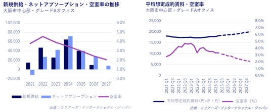 2026年以降も新規供給量の見通しは限定的であるため、需給がタイトな市境が続き、空室率のさらなる低下と賃料水準は継続的に上昇すると予想されます。特に2027年にはグレードAオフィスの供給予定がなく、需給環境が一段と厳しくなる可能性が考えられます。
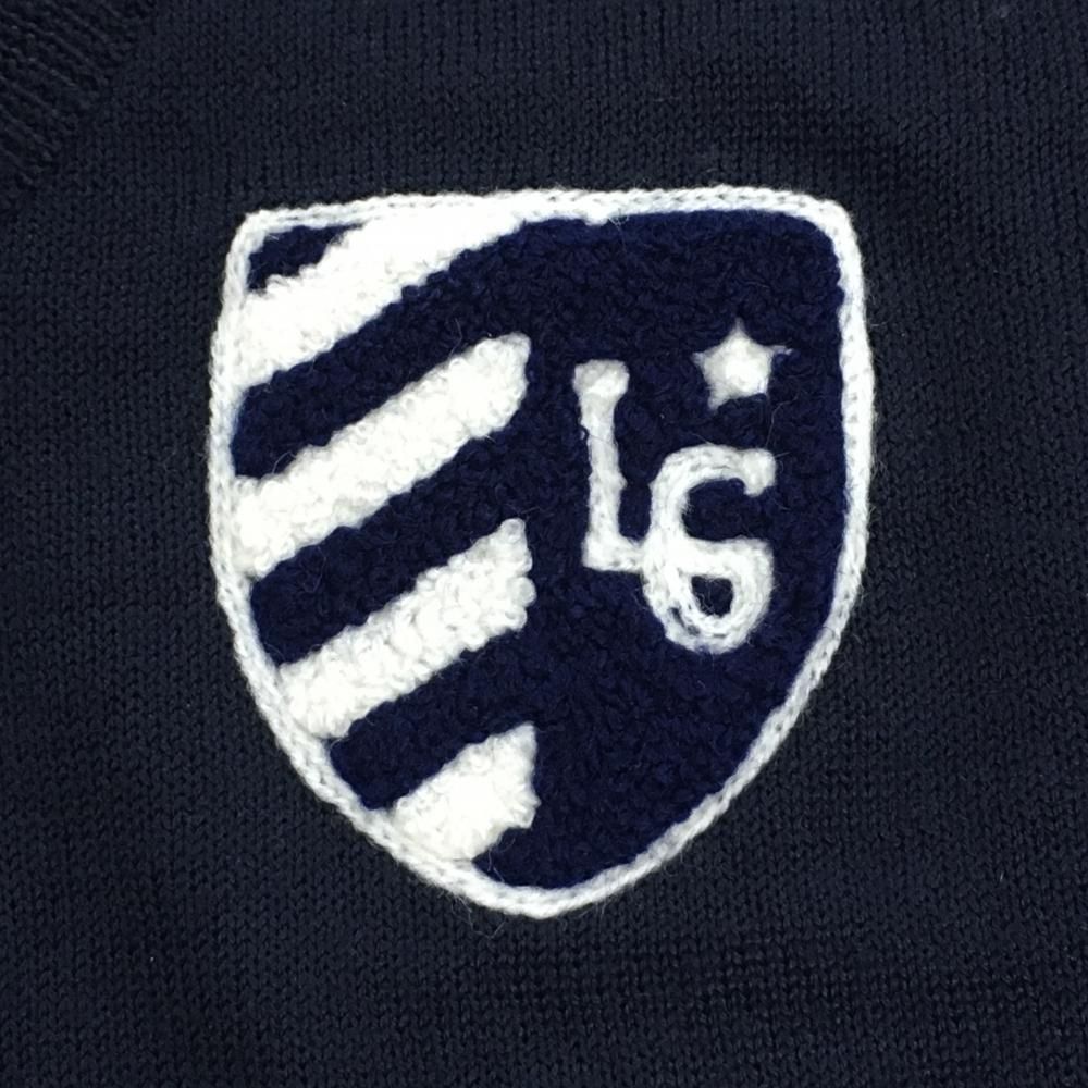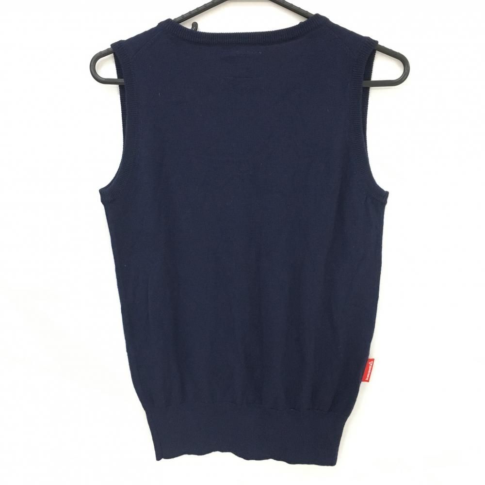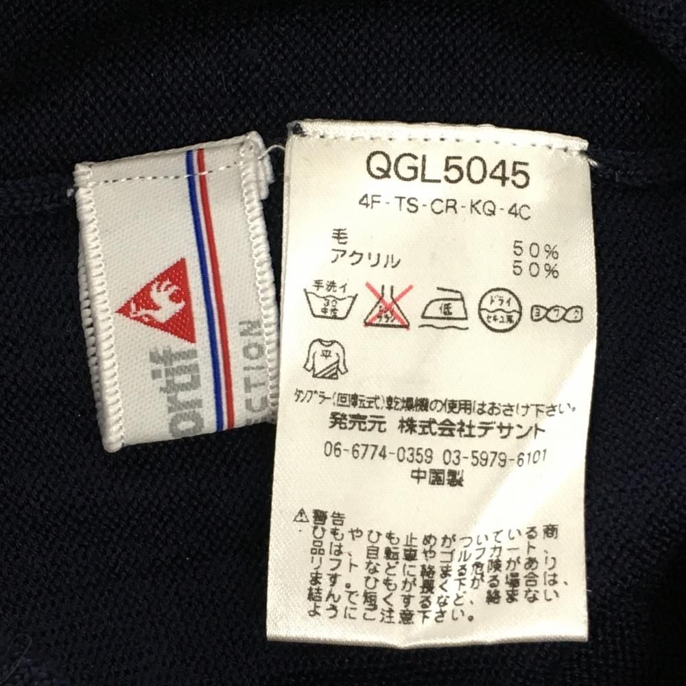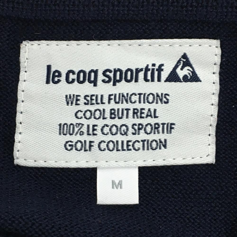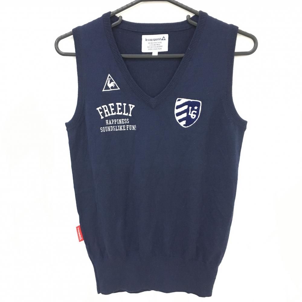 【美品】ルコックゴルフ ニットベスト ネイビー×白 ロゴ刺しゅう Vネック ウール混 レディース M ゴルフウェア le coq sportif
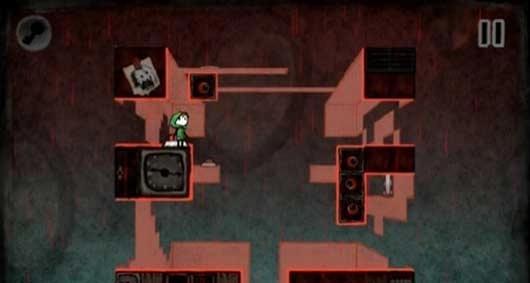 6、第三个场景踩下按钮以后从左边跳下来,落到左上的平台上,然后沿路前进进入门内解开顺利过关。

* * * * *

**TASK:**
Quote precisely the lines of the data from the line containing "le coq sportif" through its final line, both included, excluding pictures.

**EXPECTED ANSWER:**
 【美品】ルコックゴルフ ニットベスト ネイビー×白 ロゴ刺しゅう Vネック ウール混 レディース M ゴルフウェア le coq sportif
 6、第三个场景踩下按钮以后从左边跳下来,落到左上的平台上,然后沿路前进进入门内解开顺利过关。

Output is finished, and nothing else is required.